Thanks for the great investigation of the problem and a fix. Your Pull requests is now merged in Reverb, while I have another change to the run_experiment.py in flight, which eliminates the use of Table's info (it should run faster).
Sounds good. Eliminating table.info all together would be nice, right now in order to pick up my fix I have to build launchpad and reverb by myself, and I think launchpad nightly has not been built lately.
I manage to avoid blocking by setting a smaller value for the max in flight samples in https://github.com/deepmind/acme/issues/233 but now I get a new error segmentation fault error.

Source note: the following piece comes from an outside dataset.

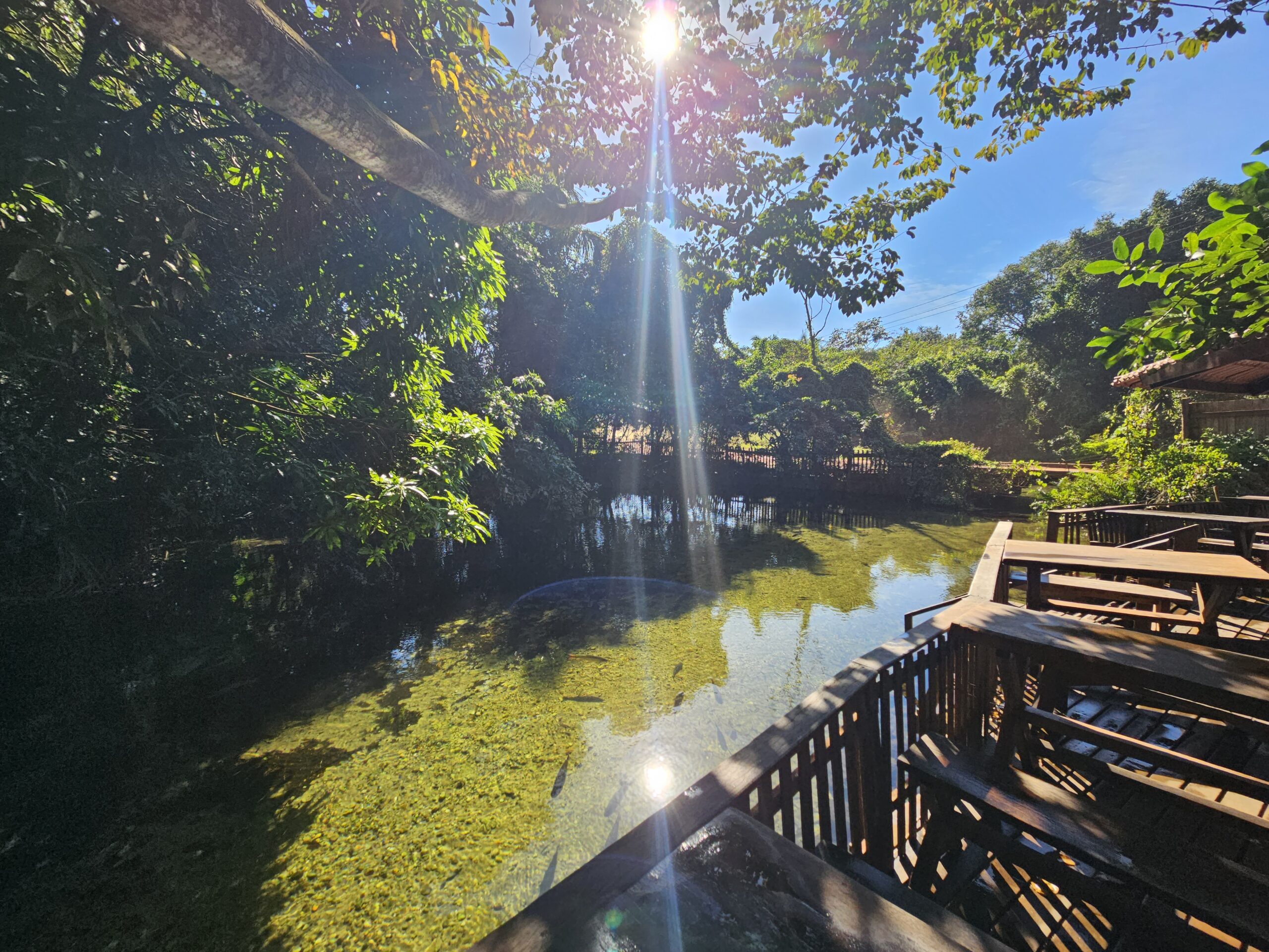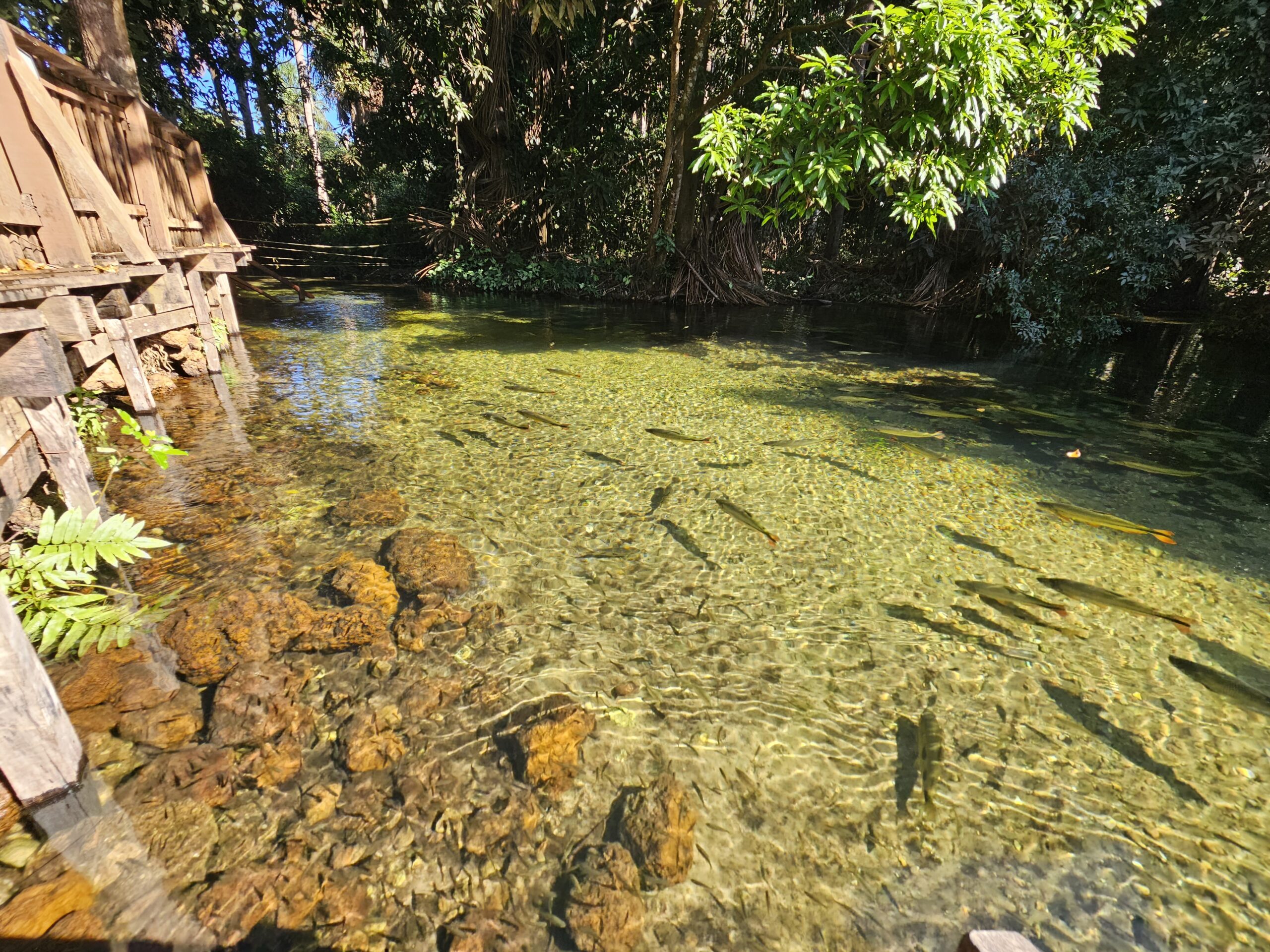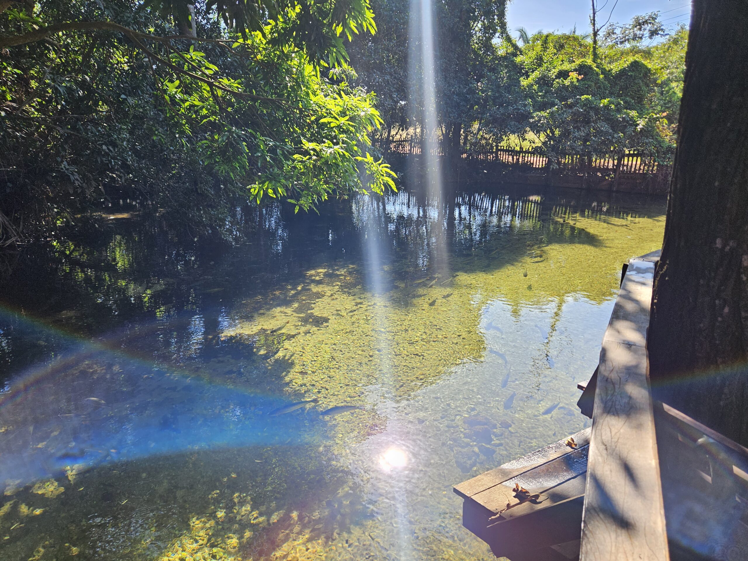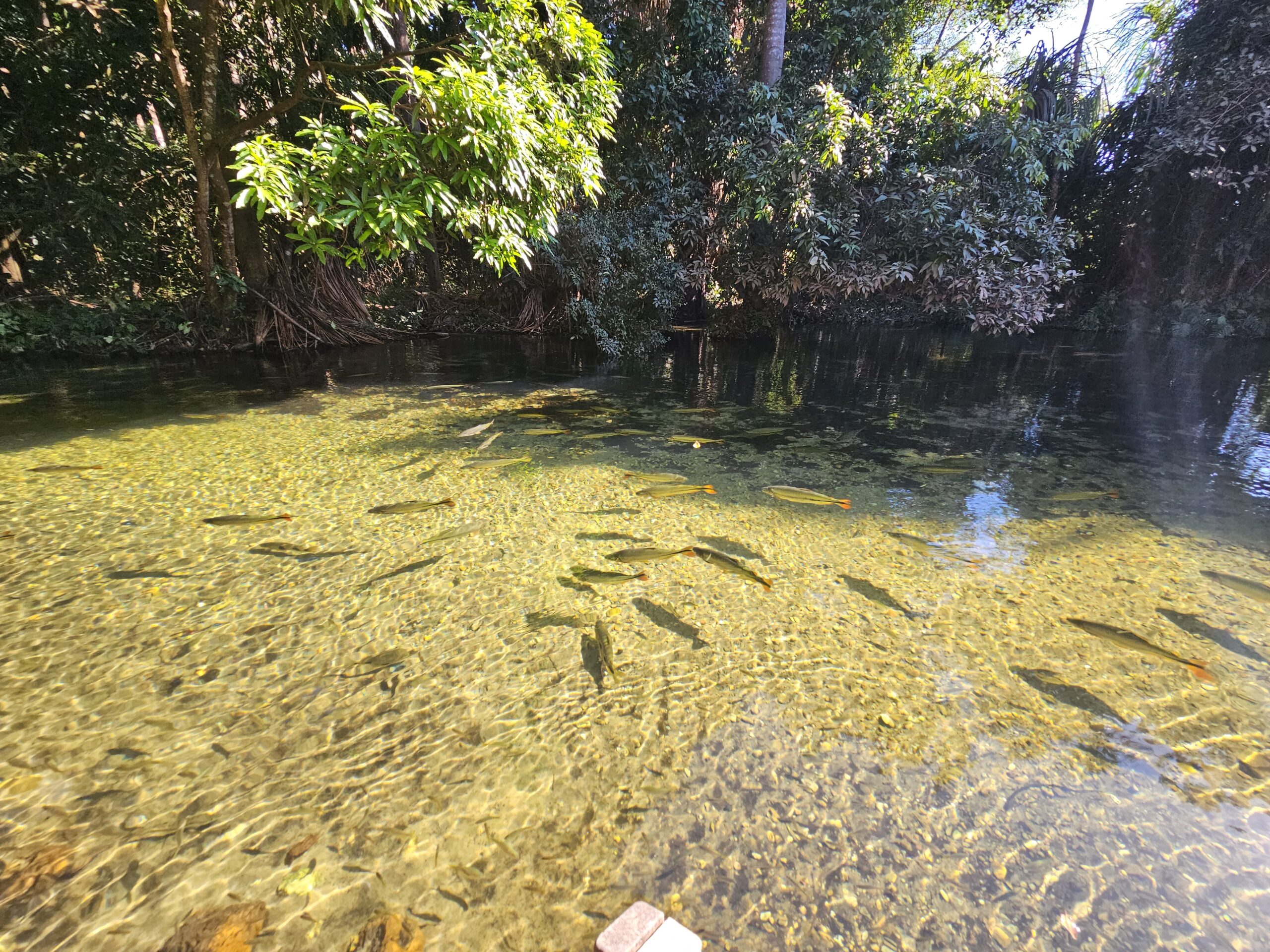 O grande destaque do balneário é o rio de águas extremamente cristalinas, que abriga uma verdadeira piscina natural cheia de peixes. É comum encontrar cardumes de dourados, piaus, pacus e piraputangas, proporcionando uma experiência única e divertida — impossível não se encantar!

https://github.com/deepmind/acme/issues/233
Looks like the issue comes from https://github.com/deepmind/acme/blob/2871e3216d2ffc2bc0ffea8b6a0e3071897608b9/acme/agents/agent.py#L105-L108. When deserializing the protobuf string from the internal table, a segmentation fault happened. I can occasionally get an error saying that 'INVALID_ARGUMENT: Python buffer protocol is only defined for CPU buffers' but I haven't been able to consistently reproduce that.